About this exercise — Would you copy exactly the lines in the data below from the one that has "The portfolio closed" through the one that has "En la sala, el", dropping any pictures?

[[ Provided records, beginning ]]

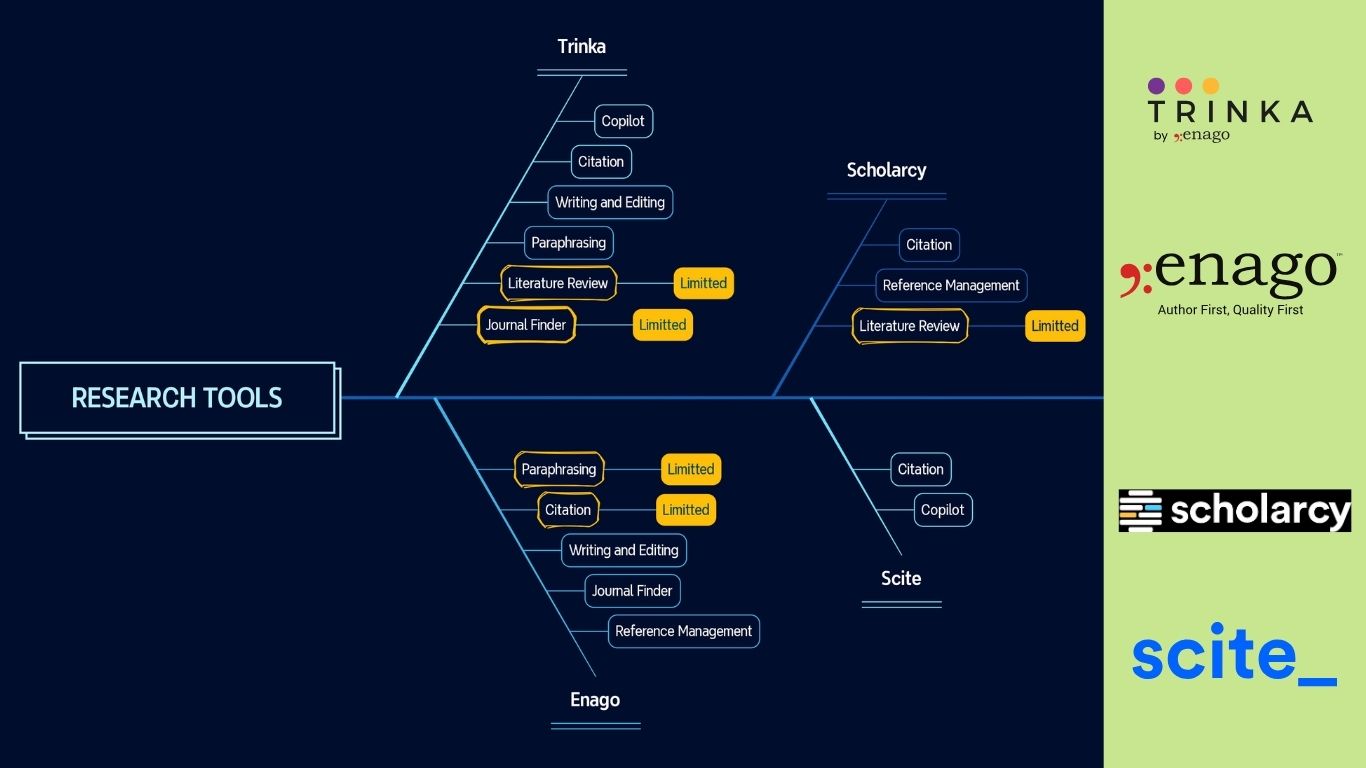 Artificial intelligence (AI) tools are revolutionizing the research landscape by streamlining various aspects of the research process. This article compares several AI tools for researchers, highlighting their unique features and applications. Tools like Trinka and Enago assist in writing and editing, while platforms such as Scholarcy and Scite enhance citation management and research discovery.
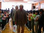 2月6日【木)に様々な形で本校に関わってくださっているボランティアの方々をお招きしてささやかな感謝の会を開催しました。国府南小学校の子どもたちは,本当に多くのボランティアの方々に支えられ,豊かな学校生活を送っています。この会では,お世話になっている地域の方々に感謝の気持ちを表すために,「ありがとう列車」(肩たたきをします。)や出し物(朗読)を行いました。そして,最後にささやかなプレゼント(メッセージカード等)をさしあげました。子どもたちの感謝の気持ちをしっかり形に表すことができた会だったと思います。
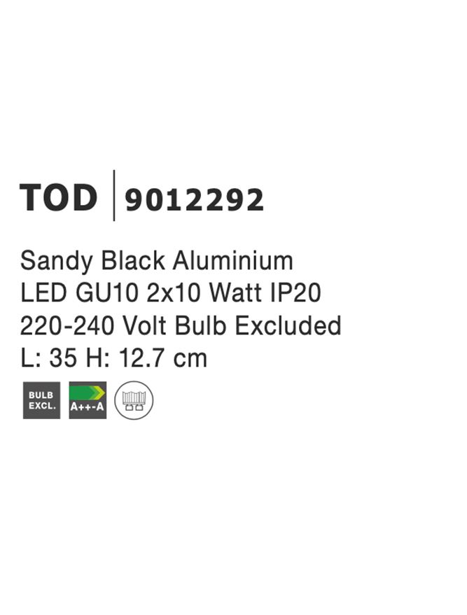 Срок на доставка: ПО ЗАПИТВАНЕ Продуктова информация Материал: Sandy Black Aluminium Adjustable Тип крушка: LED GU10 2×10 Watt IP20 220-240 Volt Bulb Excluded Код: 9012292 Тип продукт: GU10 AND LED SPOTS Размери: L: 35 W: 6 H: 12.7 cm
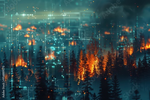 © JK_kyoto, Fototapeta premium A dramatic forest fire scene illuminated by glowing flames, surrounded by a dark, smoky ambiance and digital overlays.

[[ Provided records, end ]]
[[ Provided records, beginning ]]

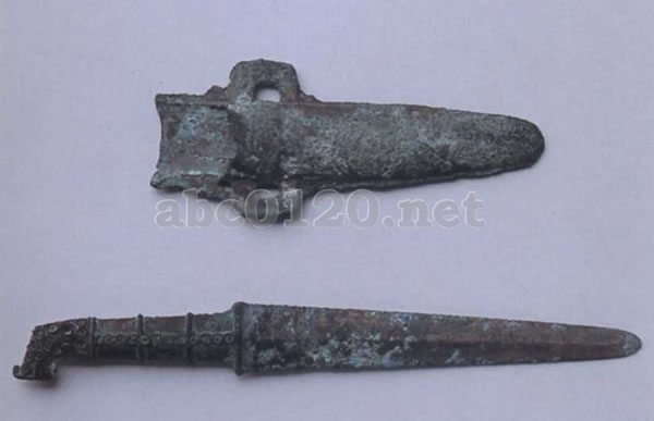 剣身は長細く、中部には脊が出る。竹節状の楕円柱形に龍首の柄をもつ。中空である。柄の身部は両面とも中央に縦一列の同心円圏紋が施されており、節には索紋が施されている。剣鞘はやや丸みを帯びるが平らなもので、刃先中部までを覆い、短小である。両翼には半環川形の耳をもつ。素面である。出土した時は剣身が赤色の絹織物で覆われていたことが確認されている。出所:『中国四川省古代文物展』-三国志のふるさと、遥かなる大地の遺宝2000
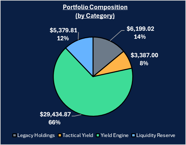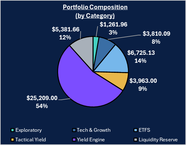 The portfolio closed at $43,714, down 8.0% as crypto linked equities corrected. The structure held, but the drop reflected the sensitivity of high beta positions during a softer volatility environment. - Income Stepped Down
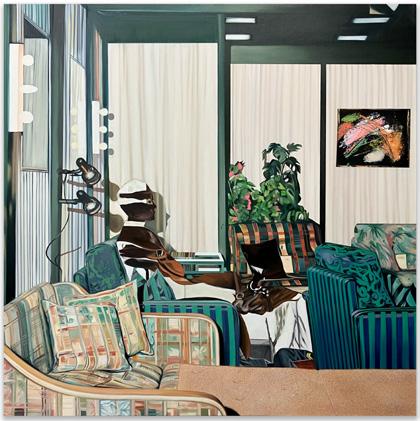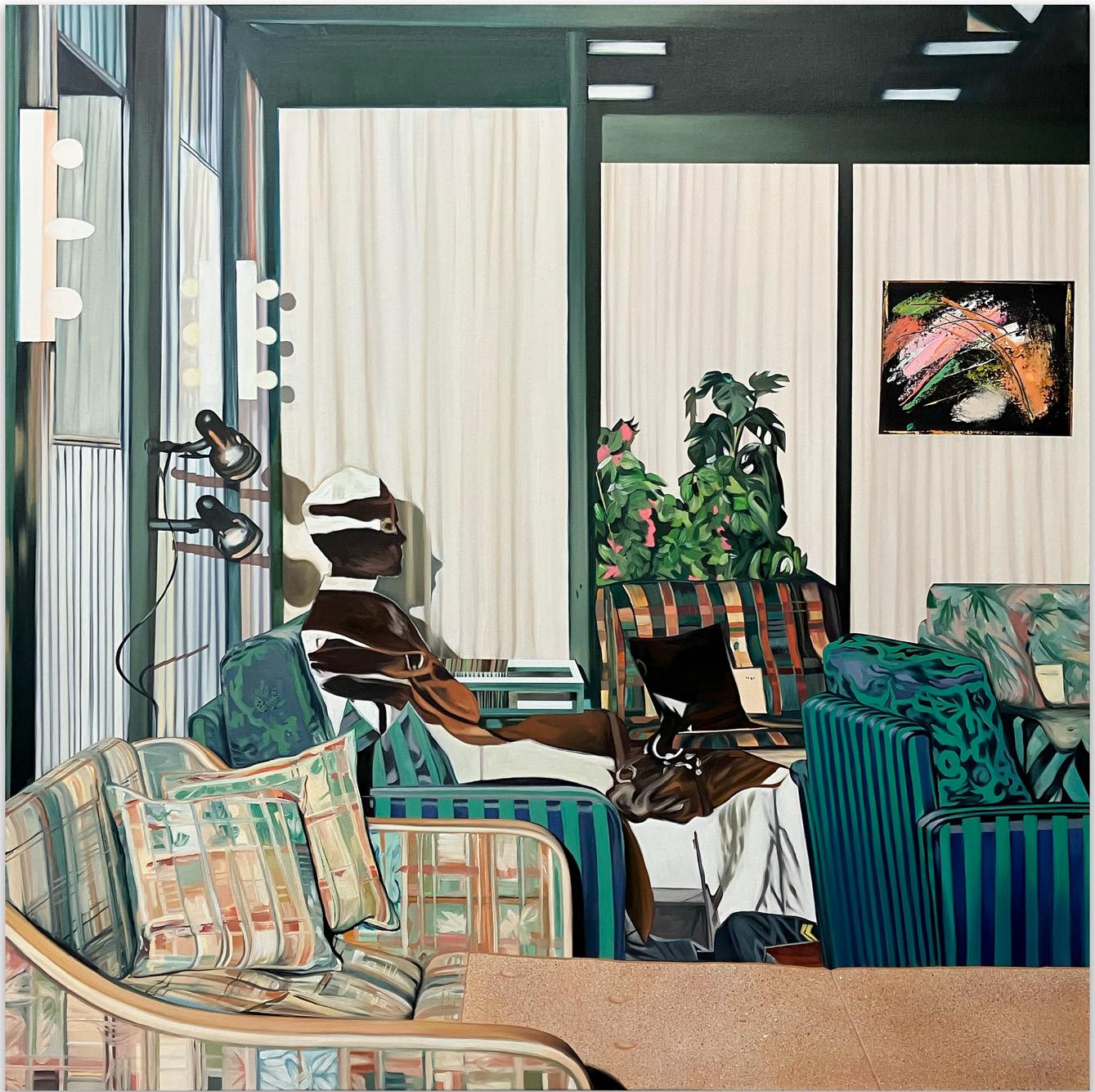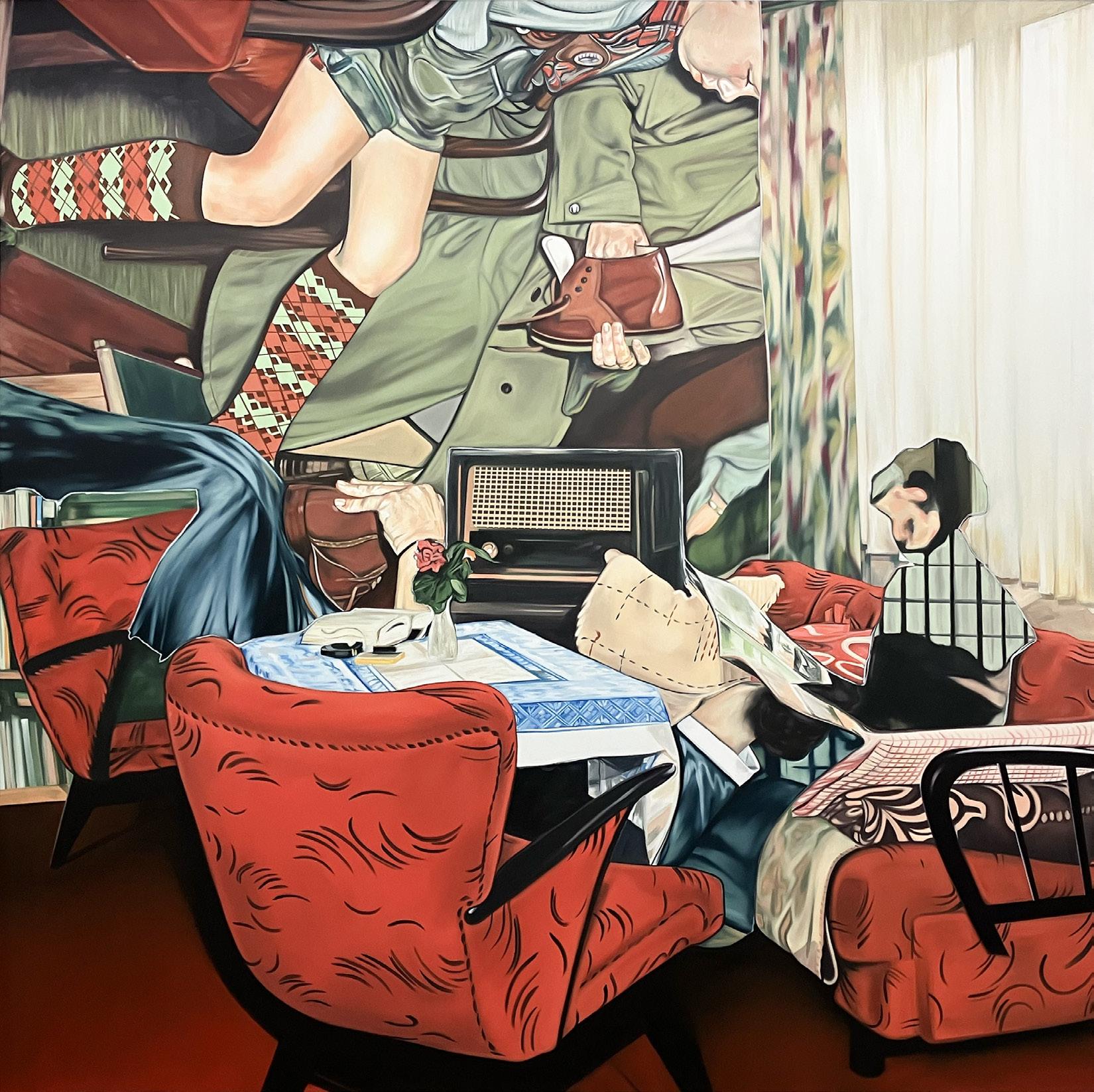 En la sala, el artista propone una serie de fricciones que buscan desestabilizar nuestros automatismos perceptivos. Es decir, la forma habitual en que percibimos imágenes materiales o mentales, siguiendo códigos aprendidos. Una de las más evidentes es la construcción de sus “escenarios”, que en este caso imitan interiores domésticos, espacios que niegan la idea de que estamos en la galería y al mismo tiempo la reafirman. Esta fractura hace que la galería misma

[[ Provided records, end ]]
[[ Provided records, beginning ]]

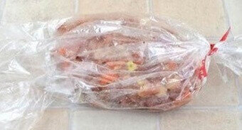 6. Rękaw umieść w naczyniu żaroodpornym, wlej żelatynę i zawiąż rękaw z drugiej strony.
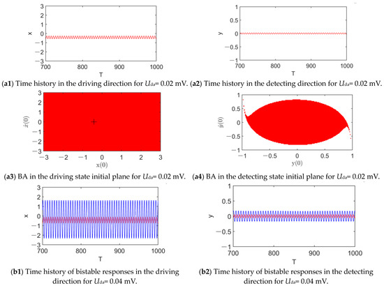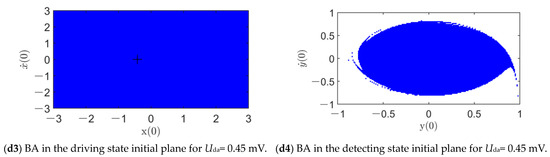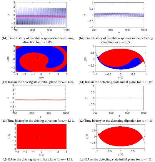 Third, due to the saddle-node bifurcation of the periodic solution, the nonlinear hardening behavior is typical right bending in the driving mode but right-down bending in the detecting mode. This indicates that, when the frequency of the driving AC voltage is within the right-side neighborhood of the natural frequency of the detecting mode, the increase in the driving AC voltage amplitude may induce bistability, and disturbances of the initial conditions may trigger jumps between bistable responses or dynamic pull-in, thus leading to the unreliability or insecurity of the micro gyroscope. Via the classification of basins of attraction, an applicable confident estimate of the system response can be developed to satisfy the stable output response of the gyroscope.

[[ Provided records, end ]]

Solution —
 The portfolio closed at $43,714, down 8.0% as crypto linked equities corrected. The structure held, but the drop reflected the sensitivity of high beta positions during a softer volatility environment. - Income Stepped Down
 En la sala, el artista propone una serie de fricciones que buscan desestabilizar nuestros automatismos perceptivos. Es decir, la forma habitual en que percibimos imágenes materiales o mentales, siguiendo códigos aprendidos. Una de las más evidentes es la construcción de sus “escenarios”, que en este caso imitan interiores domésticos, espacios que niegan la idea de que estamos en la galería y al mismo tiempo la reafirman. Esta fractura hace que la galería misma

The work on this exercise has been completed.